Sun, Nov 08 2009

Serbian leaders agree to implement interim trade agreement with EU from January 1

Thu, Dec 04 2008 12:18 CET 178 Views

Serbia will implement its interim trade agreement with the European Union from January 1 2009, after consensus was reached at a meeting on December 3 2008 attended by president Boris Tadic and prime minister Mirko Cvetković.

The Serbian government website attributed this statement to deputy prime minister and economy minister Mlađan Dinkić. The December 3 meeting had been held at his initiative, he said.

A day earlier, Serbian media reports had called into question whether Serbia would go ahead with implementation of the agreement from January 1, given that at that point there was no agreement among Serbian leaders on the question and because of concerns that eliminating tariffs on goods coming from the EU would reduce earnings for Serbia's economy, already troubled by the global financial crisis.

Dinkić said on December 4 that implementation of the interim trade agreement was important because the EU would now be expected to support macro-economic reforms in Serbia, and so it was only logical for Serbia to implement the agreement.

He said that after solving certain technical problems, the Serbian government should today discuss the draft budget for 2009.

If the budget was not adopted on December 4, the government would hold an emergency meeting on December 5 to adopt the budget and table it in parliament.

The priorities in the 2009 budget would be the construction of Corridor 10, realisation of the contract with Fiat and ensuring exports of a billion euro a year, as well as active employment measure, Dinkić said.

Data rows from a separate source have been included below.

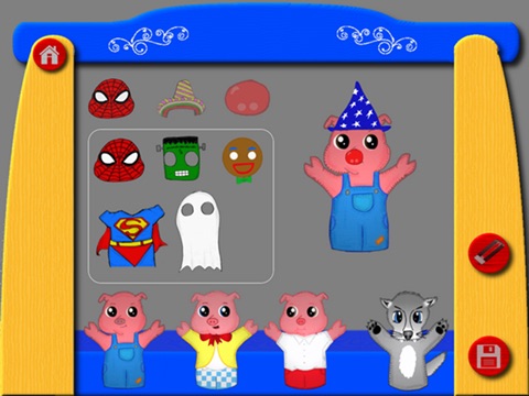 ★ Costumes for puppets. Dress up the puppets and have them perform the show in their new costumes!
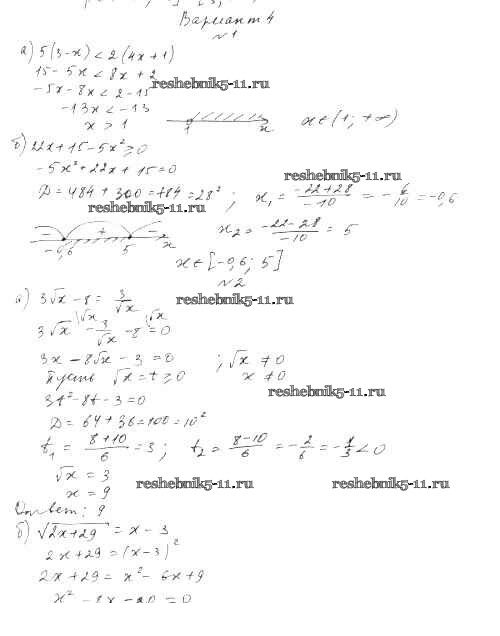 Готовая домашняя работа с ответами по Алгебре за 8 класс Александрова Контрольные работы УМК Базовый уровень Мнемозина 2016 ФГОС - КР-8. Варианты 4
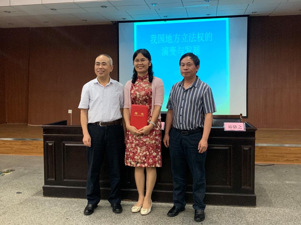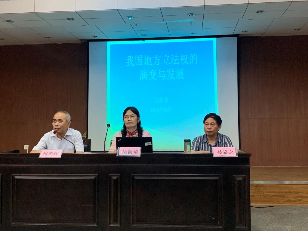 6月4日晚,湖南省人大常委会法制工作委员会吴秋菊主任出席我院模拟法庭,为我院学子带来主题为“地方立法权的演变与发展”的精彩讲座。英国365集团公司院长屈茂辉老师担任此次讲座的主持人,英国365集团公司党委书记易骆之老师同湖南省人大常委会法制工作委员会卿晓英主任以评议嘉宾身份出席了本次讲座。
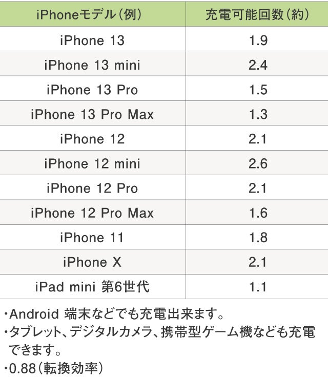 A9 : スマートフォンへの充電可能回数は、下記をご参考として下さい。

He said that the first version of the draft budget did not envisage the implementation of the transitional trade agreement with the EU from January 1.

On December 3, Serbian news website B92 reported that calculations showed that implementation of the interim trade agreement in 2009 would mean a 150 million euro cut in revenue because of the reduction of customs on goods imported from the EU (customs revenues from the import of industrial products would be 130 million euro lower, while revenues on the import of agricultural goods would be down 20 million euro).

That shortfall should be offset by a rise in output, but it is certain now that owing to the negative effects of the world financial crisis, production growth will be less than forecast at the time the government decided to begin to implement the Interim Trade Agreement unilaterally, B92 said.